Development¶
Prerequisites¶
- Python 3.10+
- Docker, Docker Compose
- NVIDIA GPU + CUDA driver (for Ollama)
- Node.js 24+ (frontend development only)
CLI Entry Points¶
Defined in pyproject.toml under [project.scripts]:
| Command | Entry Point | Description |
|---|---|---|
bsllmner2_extract |
bsllmner2.cli_extract:run_cli_extract |
Extract mode CLI |
bsllmner2_select |
bsllmner2.cli_select:run_cli_select |
Select mode CLI |
Local Development Setup¶
Python Package¶
Docker Environment¶
Running Tests¶
# Tests
uv run pytest
# Type checking
uv run mypy
# Linter
uv run ruff check bsllmner2/ tests/ scripts/
# Formatter
uv run ruff format bsllmner2/ tests/ scripts/
# Format check (for CI)
uv run ruff format --check bsllmner2/ tests/ scripts/
For details on test structure, mutation testing, and model evaluation, see Testing.
Release Process¶
Version is managed via git tags using hatch-vcs. No manual version editing in pyproject.toml is required.
- Merge PR to
main - Create and push a version tag:
- The tag push triggers
.github/workflows/release.yml: - Build and push Docker image to
ghcr.io/dbcls/bsllmner-mk2 - Create GitHub Release with auto-generated notes
scripts/ Utility Scripts¶
| Script | Description |
|---|---|
download_ontology_files.py |
Download ontology files |
ncbi_gene_to_owl.py |
Convert NCBI Gene data to OWL |
prepare_bs_entries.py |
Prepare BioSample entries for ChIP-Atlas |
inspect_select_result.py |
Inspect a SelectResult JSON (summary / show / find subcommands) |
select-config-hg38.json |
Human (hg38) select config |
select-config-mm10.json |
Mouse (mm10) select config |
select-config-plants.json |
Plants (PO) select config (tissue / cell_type) |
Debug tools¶
inspect_select_result.py¶
Inspect a SelectResult JSON produced by bsllmner2_select. All three
subcommands emit plain text by default and JSON with --json.

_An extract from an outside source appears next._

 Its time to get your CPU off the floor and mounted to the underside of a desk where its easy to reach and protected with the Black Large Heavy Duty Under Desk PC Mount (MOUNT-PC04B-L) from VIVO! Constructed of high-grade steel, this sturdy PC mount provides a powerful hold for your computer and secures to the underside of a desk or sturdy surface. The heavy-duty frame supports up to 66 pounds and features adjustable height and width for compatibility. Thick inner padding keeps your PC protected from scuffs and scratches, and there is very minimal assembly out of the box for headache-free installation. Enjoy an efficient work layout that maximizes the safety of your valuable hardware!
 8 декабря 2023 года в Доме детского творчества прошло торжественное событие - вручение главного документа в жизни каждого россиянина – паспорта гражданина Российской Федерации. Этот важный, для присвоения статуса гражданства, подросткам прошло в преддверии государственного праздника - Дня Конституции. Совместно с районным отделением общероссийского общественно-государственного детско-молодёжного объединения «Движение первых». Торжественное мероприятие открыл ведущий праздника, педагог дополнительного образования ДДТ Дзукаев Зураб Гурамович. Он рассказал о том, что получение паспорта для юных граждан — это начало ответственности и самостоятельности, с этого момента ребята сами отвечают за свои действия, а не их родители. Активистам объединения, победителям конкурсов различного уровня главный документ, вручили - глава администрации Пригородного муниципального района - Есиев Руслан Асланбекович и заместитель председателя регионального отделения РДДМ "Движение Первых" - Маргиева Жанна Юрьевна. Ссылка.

# Run-wide overview: mapping rate per field, NOT_FOUND top values,
# LLM timing, evaluation metrics.
uv run python scripts/inspect_select_result.py summary \
bsllmner2-results/select/select_<run>.json
# Override how many NOT_FOUND values to print per field (default 10).

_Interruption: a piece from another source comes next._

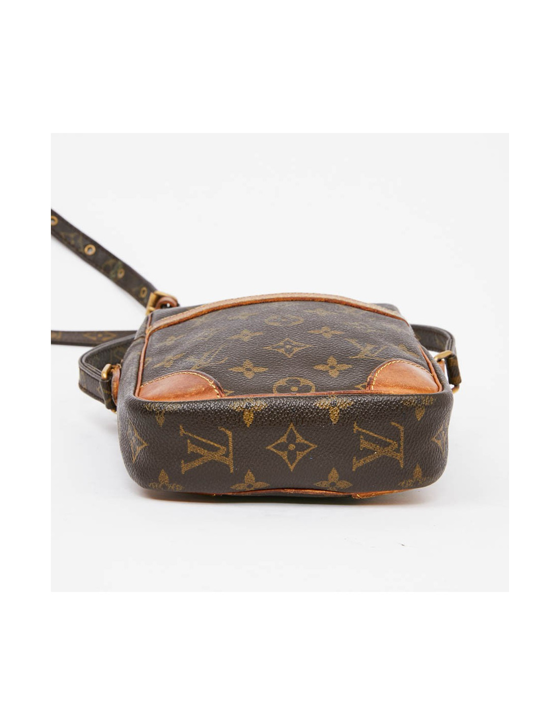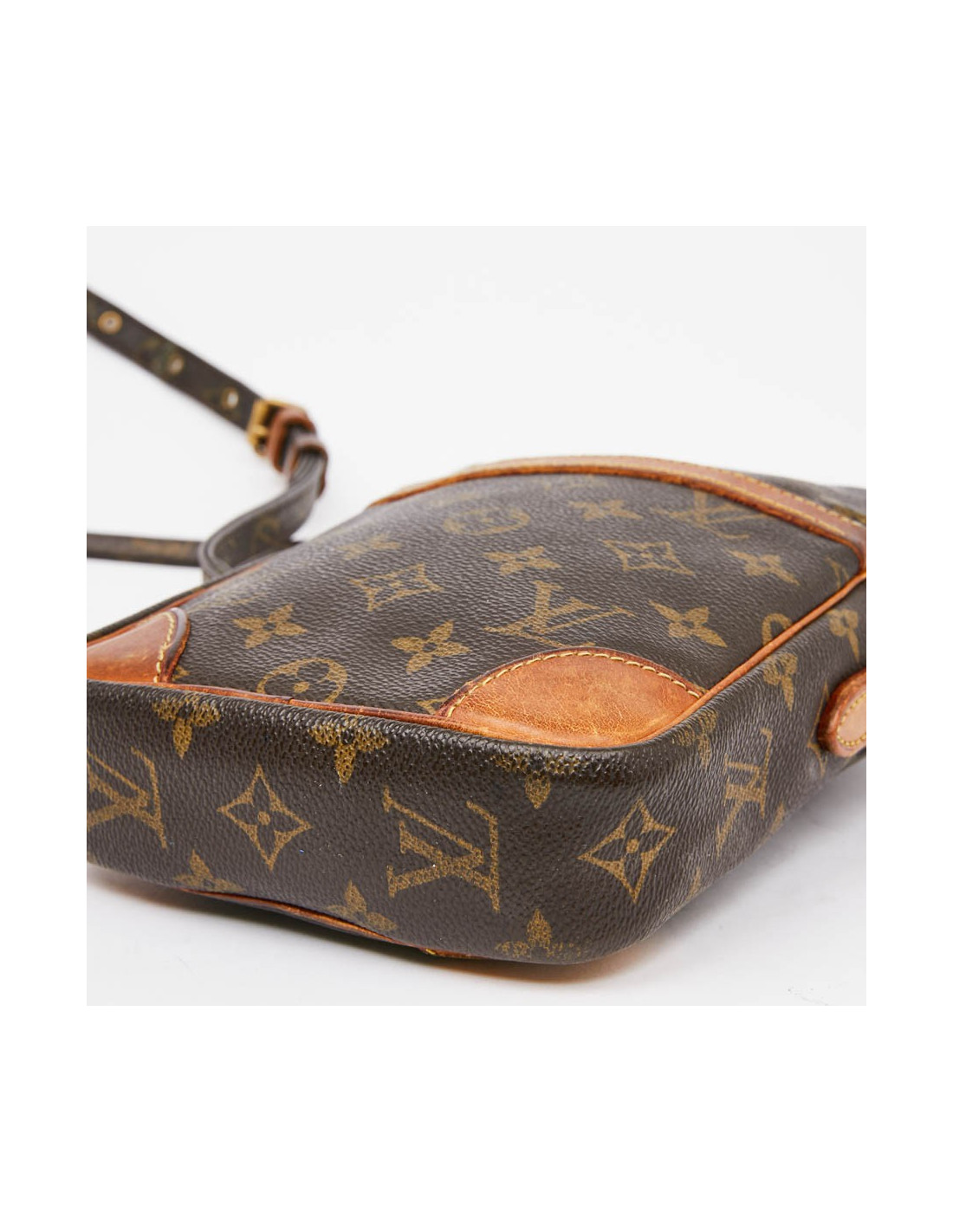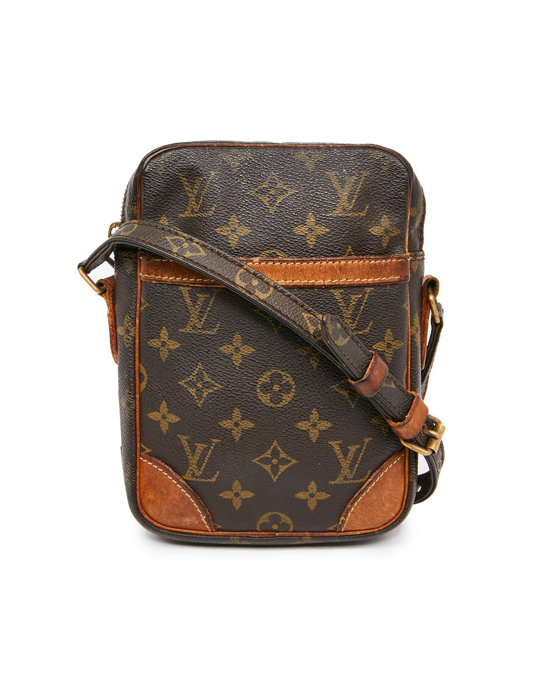 Ce sac bandoulière d'occasion bandoulière LOUIS VUITTON est vintage. Il est en toile enduite Monogram marron. Sur les 4 coins les garnitures en cuir de vache naturel se sont patinés avec le temps. L'accastillage est en laiton doré vieilli. Des traces d'usure sont visibles. La bandoulière est ajustable sur 7 trous déjà présents avec un système anti-dérapant. L'intérieur du sac est marron avec des traces visibles.

uv run python scripts/inspect_select_result.py summary \
bsllmner2-results/select/select_<run>.json --top-nf 30
# Entry-level detail for a specific BioSample accession.
uv run python scripts/inspect_select_result.py show \
bsllmner2-results/select/select_<run>.json --accession SAMN00000001
# Only entries that contain at least one unmapped value.
uv run python scripts/inspect_select_result.py show \
bsllmner2-results/select/select_<run>.json --unmapped-only --limit 20
# Locate every entry that extracted a particular (field, value) pair.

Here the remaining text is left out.